At home

Cette huile sur toile a été peinte par Christian-Henri ROULLIER. Elle représente une scène de genre avec, en vedette, sa sœur Blanche dans leur appartement chic et bourgeois à Paris (rue Montevideo dans le 16ème). C’est un aperçu de leur statut social et un retour sur leur vie passée.

La lecture du tableau part de la droite où Blanche est assise, pour se terminer au troisième plan à gauche. La diagonale soulignée par la perspective nous emmène à l’arrière où la profondeur est augmentée par la présence du miroir.  

La composition de l’intérieur du logis, chargée d’une part par l’accumulation d’objets et d’autre part par le vide laissé sur toute la partie gauche, donne une impression d’équilibre et facilite la lecture.

L’œuvre est rythmée par des lignes verticales et horizontales : les montants de la fenêtre, le mur de séparation, l’armure japonaise, l’alignement du miroir et de la cheminée, le bras droit de Blanche, le dossier du sofa et le linteau du mur de séparation, instrumentalisant l’histoire du lieu.

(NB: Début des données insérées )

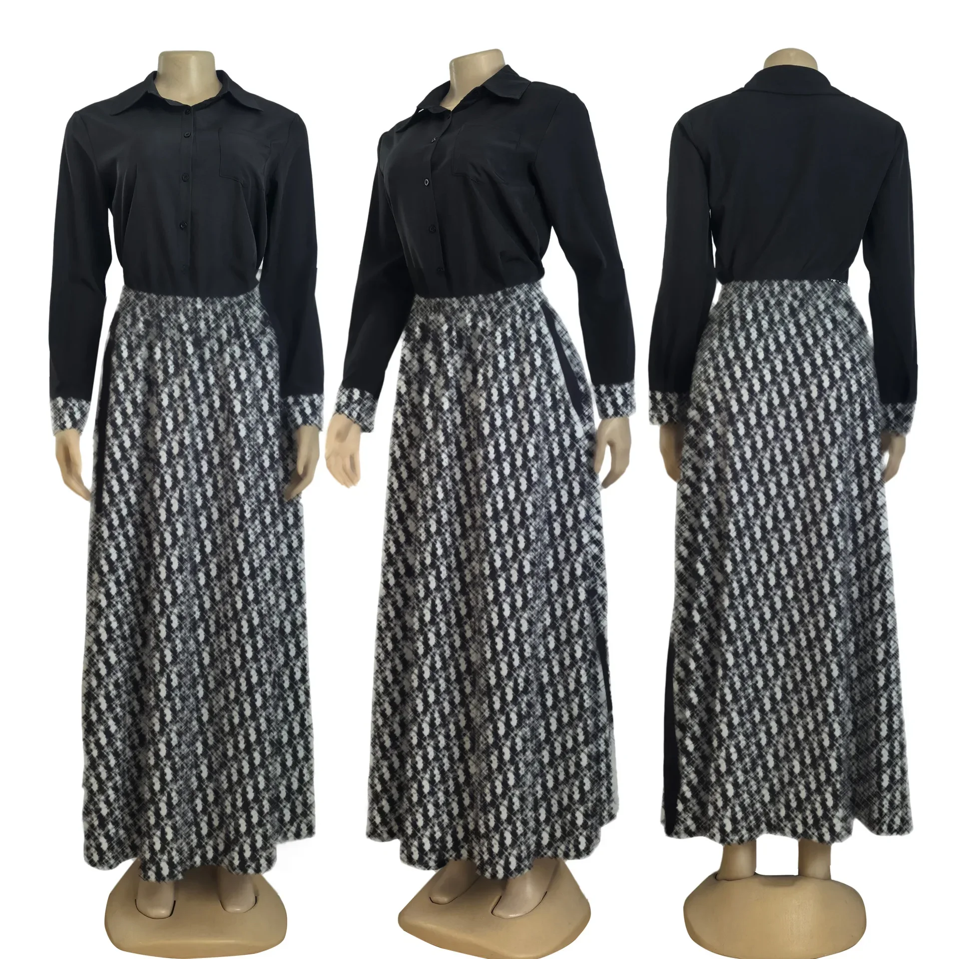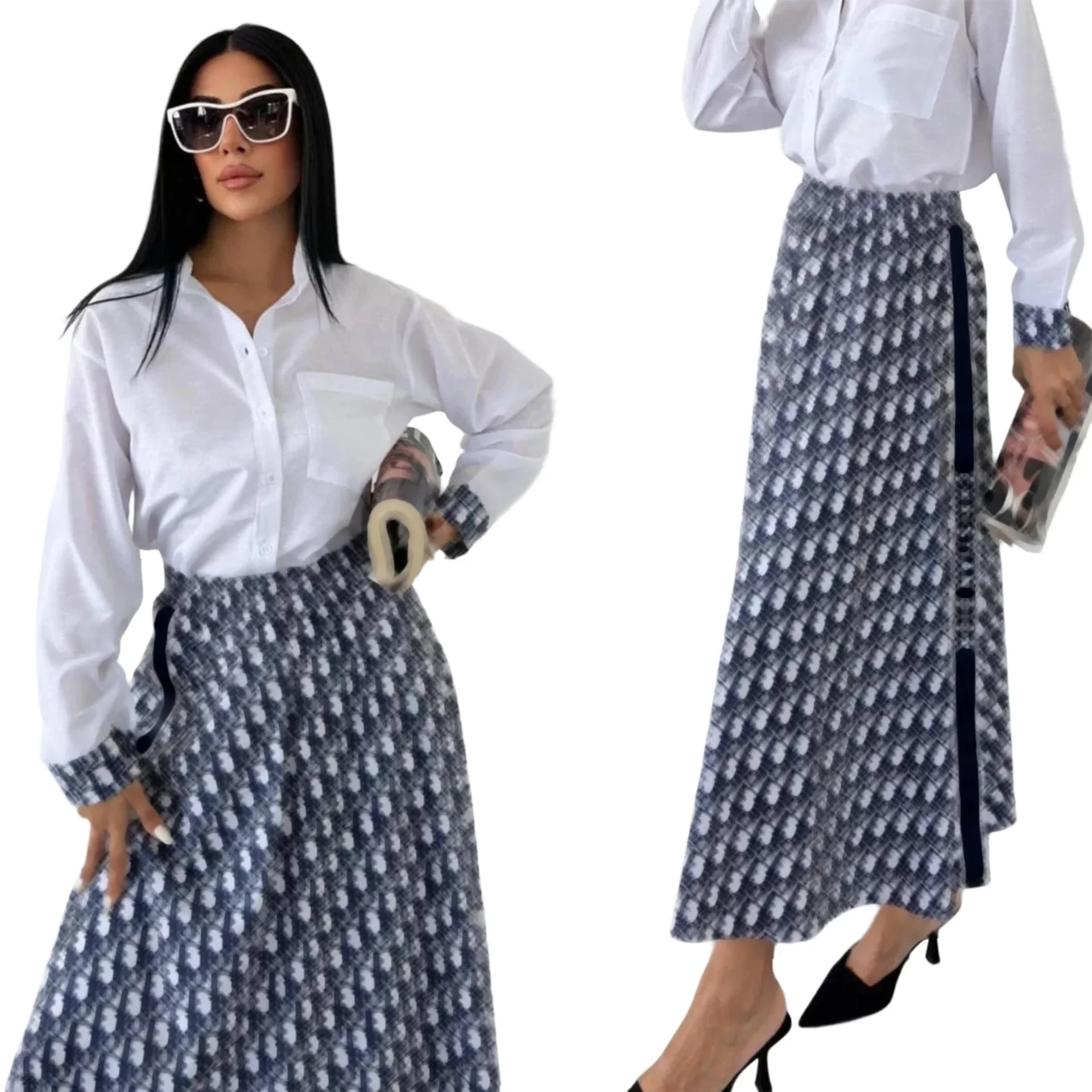 Elegant Print Long Sleeve Skirt Set Classy Women's Cross-Border Clothing Half-length Skirts Ensemble

La lumière inonde la toile, elle vient de la droite par la grande baie et par la deuxième qui est cachée dans la pièce au fond. Elle contraste l’ensemble dans une tonalité blanche et augmente d’autant plus la perspective.

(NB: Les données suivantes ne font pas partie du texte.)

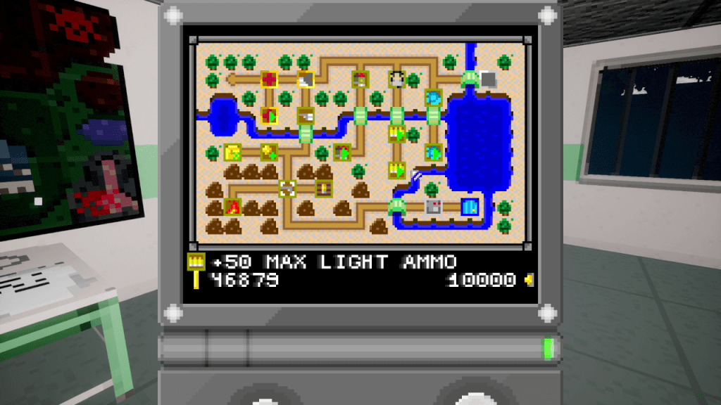 The game can get difficult but thankfully it is very generous with how it deals with death. You simply respawn at the start of the current level. Once you successfully exit the level, you can then spend your hard earned gold on upgrades. To upgrade, you play an old school platformer that feels like an homage to the original Super Mario Bros. The upgrades are pretty handy and provides bonuses such as extra health, increased ammo capacity, increased starting ammo, and etc.

Blanche, dans la fleur de l’âge, est peinte dans un style impressionniste. Le jeu de lumière sur la robe et la facture spontanée ne sont pas sans rappeler l’œuvre de Pierre Auguste RENOIR, Assise à l’ombre dans le jardin de 1872. Les détails de la robe et de la coiffure permettent de dater le tableau à la fin du XIXème. Tout comme le buste de madame ROULLIER mère, décédée en 1899, positionné sur la cheminée : certainement fin XIXème ou tout début XXème.

Ce tableau illustre le caractère collectionneur de la famille. L’intérieur bourgeois ressemble un peu à une nature morte ou s’accumule les curiosités très à la mode depuis le XVIIIème siècle. Les acquisitions de la famille sont mises en valeur comme dans un musée. Le peintre devient le metteur en scène de la vie bourgeoise, il nous montre ici des souvenirs, des objets de collections, un résumé de leur vie bien remplie entre la conquête de l’ouest et la vie mondaine parisienne et provinciale.

Dans cet appartement typiquement Haussmannien, Christian-Henri souligne la réussite familiale, le rêve américain accompli et le gout du voyage. 

Plusieurs citations nous rappellent leur vie aux États-Unis ou ils vécurent des dizaines d’années avant de revenir définitivement en France. Le titre de l’œuvre : At home (à la maison), la peau d’ours brun que nous distinguons au troisième plan, devant la cheminée (rappel du Far West, de la vie de trappeur que l’artiste a pu rencontrer dans ses pérégrinations américaines et dont il s’est inspiré pour sculpter Retour de chasse).

Ensuite la décoration orientale et asiatique. Eugène Delacroix initie le voyage en Orient dans les années 1830 et il était de bon ton de collectionner et de ramener de ses expéditions des artefacts orientales et asiatiques grâce à l’ouverture du Japon en 1854. 

Pour la partie asiatique, nous retrouvons la fabuleuse armure de samouraï, les 8 masques du théâtre Nô (deux sont cachés) sur le linteau du mur, le plat chinois (tigre et dragon) faisant suite aux masques sur la droite en haut.

Pour la partie africaine, nous pouvons remarquer Blanche dans une pose presque odalisque, référence par excellence à l’orientalisme. Elle est assise sur un canapé dans une position lascive avec une abondance de coussins dont un par terre, un grand tapis oriental à ses pieds. Les cruches en laiton au-dessus de sa tête (même si ce ne sont pas forcément des cruches tunisiennes) sont un rappel de l’artisanat des peuples d’Afrique du Nord. Enfin on remarque les deux tableaux orientalistes accrochés sous le plat peint par Christian-Henri lors de son voyage en Tunisie.

En conclusion, Christian-Henri accorde beaucoup d’importance à sa sœur Blanche et prouve le lien indéfectible entre eux deux. Dans ce tableau, il se révèle un peintre plein de nostalgie et de tempérance et nous embarque dans ses voyages et sa vie romanesque.